The Wallsend and Hebburn Coal Company opened a brickworks at Rising Sun Colliery in 1908, producing common bricks mainly for use across the company’s own mining sites. The brickworks made use of shale extracted directly from the colliery, allowing the operation to run efficiently alongside the mine.
Much of what we know about the brickworks comes from accounts recorded in Brickworks of the North East by Peter J. Davidson. These describe how a 2½‑foot layer of shale from the Main Coal Seam was brought to the surface and used as the primary raw material. By 1924, the yard operated three shifts a day, with only eight men working each shift.
The bricks were fired in a 16‑chamber Hoffman kiln, each chamber capable of holding around 10,500 bricks and reaching temperatures of up to 1050°C. Over time, the kiln was updated: the chimney was reduced in height before 1963, an electric fan was added to improve draught, and in 1965 an Octopus Automatic Feeding system was installed to modernise the firing process.
Shale supplies changed through the 1960s. Between 1963 and 1965, material was sourced from Ewart Hill and Acorn Bank, and from 1965 to 1968, higher‑quality shale from Wardley was used to produce second engineering bricks. The brick‑pressing machinery — Bradley and Craven machines — could produce 14,000 bricks in an 8½‑hour shift. At its peak in the 1960s, with 18 men employed, the brickworks produced around 86,000 bricks per week.
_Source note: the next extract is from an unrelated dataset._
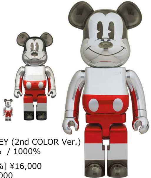
BE@RBRICK FUTURE MICKEY (2nd COLOR Ver.) 100% & 400% / 1000% [100% & 400%] ¥16,000 [1000%] ¥68,000

There is strong evidence that bricks from Rising Sun were used in coastal defence structures during the Second World War, as examples stamped with the brickworks’ mark have been found along the Northumberland coastline.
A surviving Rising Sun brick is displayed on the Brick Heritage Monument at Path Head Water Mill in Summerhill, Blaydon. Built in 2022 by Chris Tilney and his son Mark, the monument celebrates the industrial heritage of the North East and preserves bricks from many of the region’s historic works.